Trzy tygodnie temu ze szpitala wyszedł mój synek,przeleżał tydzień na intensywnej terapii z drenem w płucu...
Miał paskudny wypadek,zwykła zabawa w berka,biegł za szybko,potknął się i wpadł na metalową ławkę.Byłam kilka metrów dalej,na zakupach...Gdy zadzwoniła do mnie jedna z mam,mówiąc,że właśnie jedzie do niego karetka,ugięły się nogi pode mną...
Przez ruchliwą ulicę dosłownie przefrunęłam,on leżał w piaskownicy,dusząc się i plując krwią.I ten jego wyraz bólu na twarzy!
Karetka przyjechała bez lekarza i jedyne,co zrobili,to podali mu tlen.Siedziałam w karetce patrząc,jak mi się dziecko dusi i sinieje,bo sanitariusze nie wpadli na pomysł,żeby go osłuchać...Złapałam go za nóżkę,a ona była tak strasznie zimna,pomimo upału!Oddech coraz słabszy.Gasło w nim życie...
Dopiero,gdy go osłuchali,momentalnie diagnoza - odma - pilnie śmigłowiec...
Był ułożony na złej stronie,trzy złamane żebra przebiły płuco,które się zapadło,krew spływała do zdrowego płuca,więc dusił się krwią.
10 minut i śmigłowcem lekarz z Wrocławia był na miejscu.Zrobili nacięcie,udrożnili płuco.Pozwolili wejść na chwilę.
"Mamusiu,kocham cię"........już wiedziałam,że będzie żył!
Tydzień z rurą w płucu.Ciche łzy w grymasie cierpienia przy każdym podniesieniu się,bo przecież Dawid to twardziel,on nie płacze...
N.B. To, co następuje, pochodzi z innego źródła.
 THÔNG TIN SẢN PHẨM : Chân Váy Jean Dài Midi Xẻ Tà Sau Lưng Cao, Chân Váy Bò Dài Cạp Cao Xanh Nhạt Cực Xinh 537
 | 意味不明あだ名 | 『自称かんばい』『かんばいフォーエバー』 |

A mnie każda jego łza bolała milion-krotnie.Dałabym sobie nogi odciąć,żeby go tylko tak nie bolało!Każda kropla krwi odsysana z jego płucka,każda podłączana kroplówka,każdy zastrzyk przeciwbólowy,każda zmiana wenflonu...odejmowały mi czucie w nogach i przysparzały o setkę siwych włosów.
Dziś już jest...normalnie.Synek podskakuje,bryka,chce szaleć.Nie boli już.Żebra jeszcze się zrastają,a on błyskawicznie dochodzi do siebie.
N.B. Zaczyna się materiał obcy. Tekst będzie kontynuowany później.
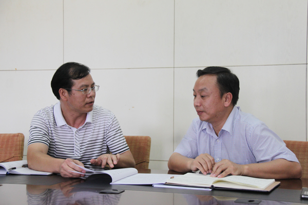 9月26日,黄品优(左)与靖西副县长方业松(右)交谈。

Mi już się skończyły koszmary nocne,bo przez dwa tygodnie od powrotu ze szpitala,śniły mi się paskudne rzeczy,wypadki na rowerze,potrącenia przez samochód,wypadnięcia przez okno,krew,rany,transfuzja nie tej grupy krwi...Serce matki...
![Roll Eyes ::)](./images/smilies/rolleyes.gif)
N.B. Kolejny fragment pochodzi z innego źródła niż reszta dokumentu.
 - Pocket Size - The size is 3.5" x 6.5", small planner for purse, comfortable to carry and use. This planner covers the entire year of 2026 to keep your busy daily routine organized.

Wszystko powoli zbiera się do kupy,tylko priorytety mocno się pozmieniały.
I połowa włosów siwych.Dziś farbowałam,bo tak dziwnie,w wieku 34 lat wyglądać gorzej na głowie,niż własna matka
![Undecided :-\](./images/smilies/undecided.gif)
Szczury...są,pocieszają,śmierdziendolą i przynoszą uśmiech
![Wink ;)](./images/smilies/wink.gif)
A cała czwórka go po prostu...męczy??
![Embarrassed :-[](./images/smilies/embarrassed.gif)
I boli tak,że nie zawsze mam dla niego czas.